HMGT2305-D455-60462

New York City College of Technology, CUNY
Department of Hospitality Management
 
Janet Lefler Dining Room
 
Homework
To: Professor Abreu, Director of Service
From: Michelle Mai, Student
Date: September 6, 2018
RE: New York Times Restaurant Review
Memorandum
 
In the article, At Kopitiam, Malaysian Food Powers Through Some Growing Pains, by Pete Wells begins talking about different types coffee and different method of making it. As he slowly goes in the history of the foods and drink, he talks about their original restaurant that only had four seats, but soon relocated in June. Ms. Pang and her new business partner, Moonlynn Tsai, found a better space for her guest to properly enjoy a meal in a decent environment. As their space grew, so did their menu. Now you can enjoy some traditional Malaysian food, such as the nasi lemak, unique rice combination of spices and their sauces.
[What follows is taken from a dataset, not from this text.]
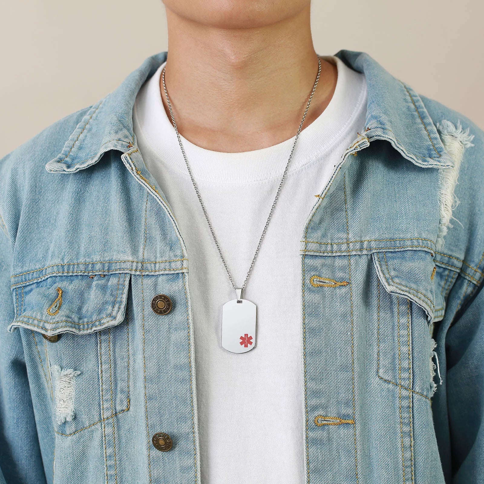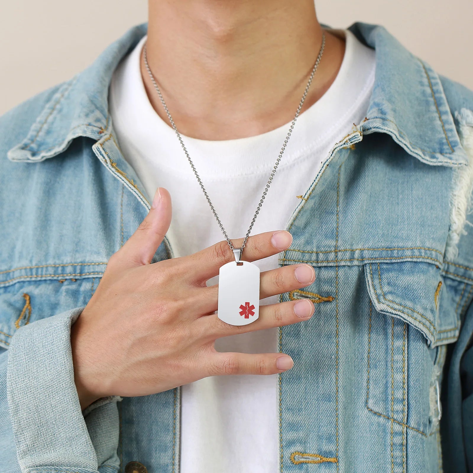 Medical Alert, Stainless Steel, Custom Engraved Military Necklace...Diabetic Patient Emergency

But this restaurant wanted to me more different so they added a breakfast menu, that always changing because they want to bring different texture and flavor to a basic breakfast idea. In the article. Mr. Wells talk about your “breakfast could be a bowl of two eggs boiled just long enough to turn the whites opaque while leaving the yolks free to billow into mushroom-soy broth underneath. Or it might be fish ball soup, grape-size globes of ground fish in a cloudy white broth”.
I love Malaysian food, so I would love to visit the restaurant, but it’s not a restaurant that I would want very badly. It the experience that I want to have, so I can decide if I would go back. The thing I want to try is their dessert, cake. It seems like the cakes are very traditional because she makes them every day and their might be a surprised for the guest to find.